Abstract

The contiguous Neotropical lowland wet forests of northwest South America and Central America of are typically inhabited by 10-15 species of Passionflowers in the genus Passiflora, which are fed upon by the larvae of 10-11 species of Heliconius butterflies. In the 1970's the author investigated this interaction at the La Selva Biological Station in northeastern Costa Rica, and in addition to finding 10 species of Heliconius, discovered another, equally diverse community of herbivores: the Passiflora-feeding flea beetles (Coleoptera: Chrysomelidae: Alticini). These beetles shared Passifora species with Heliconius, and to a first approximation, divided the host plant community in the same way. Now, 40 years later, the author extended this data set, observing, collecting and rearing over 1500 flea beetles on wild Passiflora vines at La Selva. Genetic barcoding of a subsample of 110 of these specimens revealed 10 distinct species in five genera. Morphological comparison of the modern specimens with the 1970's collections revealed identical community composition over more than 40 years. Rearing in cages also revealed, for the first time, larval stages for 8 species belonging to two feeding strategies, leaf /epidermis eaters and surface rootlet/basal stem feeders.
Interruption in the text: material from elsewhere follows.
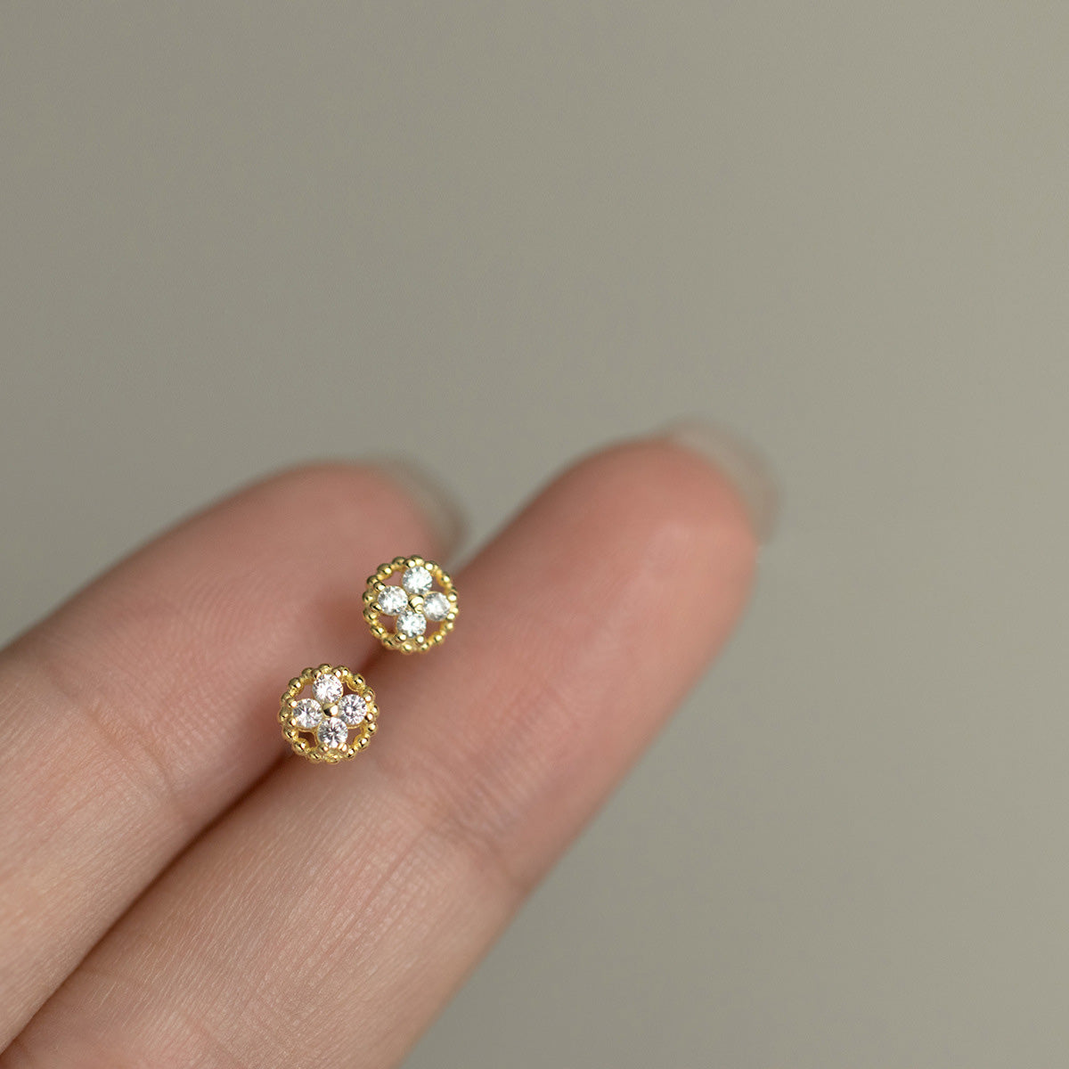 - Product Name: 925 Silver Dainty Small Cubic Zirconia Four Leaf Clover Stud Earrings

Working on the assumption that species diversity in these two communities is controlled by characteristics of the host plant community, multiple aspects of the interaction were examined. Unlike solitary-feeding Heliconius larvae that are known to be prey to the Ectatomma ants common on Passiflora extrafloral nectaries, the adult and larval flea beetles were more common on ant-tended plants and exhibited other characteristics of being resistent to ant predation. A survey of cyanogenesis across Passiflora species revealed spatial and temporal variation within plants as well as 5 orders of magnitude variation within and between species. Three Passiflora species most used by Heliconius and flea beetles varied over a factor of 100 in cyanogenesis. Overall, flea beetles chose Passiflora with reduced or variable amounts of cyanide production, possibly coping with cyanide toxicity by eating tiny meals and growing slowly. Fast growing Heliconius larvae, with the ability to sequester cyanogenic glycosides, appeared to select host plants regardless of their cyanide production. These findings suggested the hypothesis that Heliconius and flea beetles exert opposing selection pressure on Passiflora cyanogenesis, expanding within-species variabity and acting as mutualists. Additional comparisons revealed that, unlike Heliconius that fly with their co-mimics, brightly colored flea beetle adults showed only limited tendancy toward mimicry. Also unlike Heliconius that decline greatly during extended rain and overcast weather, flea beetles remained active year round with only a small decline in the rainy season. Comparison of diet breadth revealed great similarities between butterflies and flea beetles, including a similar response to the three principal Passiflora subgenera represented at La Selva. This subgeneric response was also mirrored in a third community represented in Costa Rica by three species, the Josiine moths (Lepidoptera: Notodontidae).

A direct comparison analysis, attempting to pair each Heliconius with its ecologically equivalent flea beetle, was partially successful. One difficulty in the comparison is that five Heliconius are Passiflora species-specific, whereas only one flea beetle is monophagous. Another difficulty is that two of the butterflies and two of the flea beetle species were rarely sampled and may represent vagrants from nearby habitats. These difficulties were addressed by restricting the analysis to species well-represented in the sampling; in this case 10 species of Passiflora and eight species each of Heliconius and flea beetle. This analysis revealed the underlying community structure to consist of five distinct groups of host plants, each of which hosts four coexisting, non-competing herbivores: Heliconius "generalists" with solitary larvae, Heliconius monophages with group-feeding larvae, flea beetles with leaf-feeding larvae, and flea beetles with surface rootlet and basal stem feeding larvae. The five host plant groups exclude three species seldom used by the butterflies and flea beetles, but include the forest P. pittieri (subgenus Astrophaea), the forest P. lobata (subgenus Decaloba), the second-growth P. auriculata/P. biflora (Decaloba), the forest P. vitifolia/P. ambigua (subgenus Passiflora) and the second growth P. oerstedii (subgenus Passiflora). The 16 Heliconius and flea beetle species fit well into this niche analysis, with only one instance of two species sharing the same niche and three cases where one species occupies two niches. The remaining 13 niches are uniquely occupied by one species each. This finding suggests a tightly structured community with strong interspecific competition within each niche, but greatly relaxed competition between the four larval feeding types, even though they share the same host plant species. It also illustrates three generators of species diversity for this system: host plant differentiation at the subgeneric level, habitat specialization in host plants as well as herbivores, and finally, evolution of distinct, non-competing larval feeding-strategies. In contrast with the strong role that host plant subgenera play in generating herbivore diversity, the remarkable differentiation of Passiflora at the section and species level does not appear to contribute greatly to species diversity at La Selva.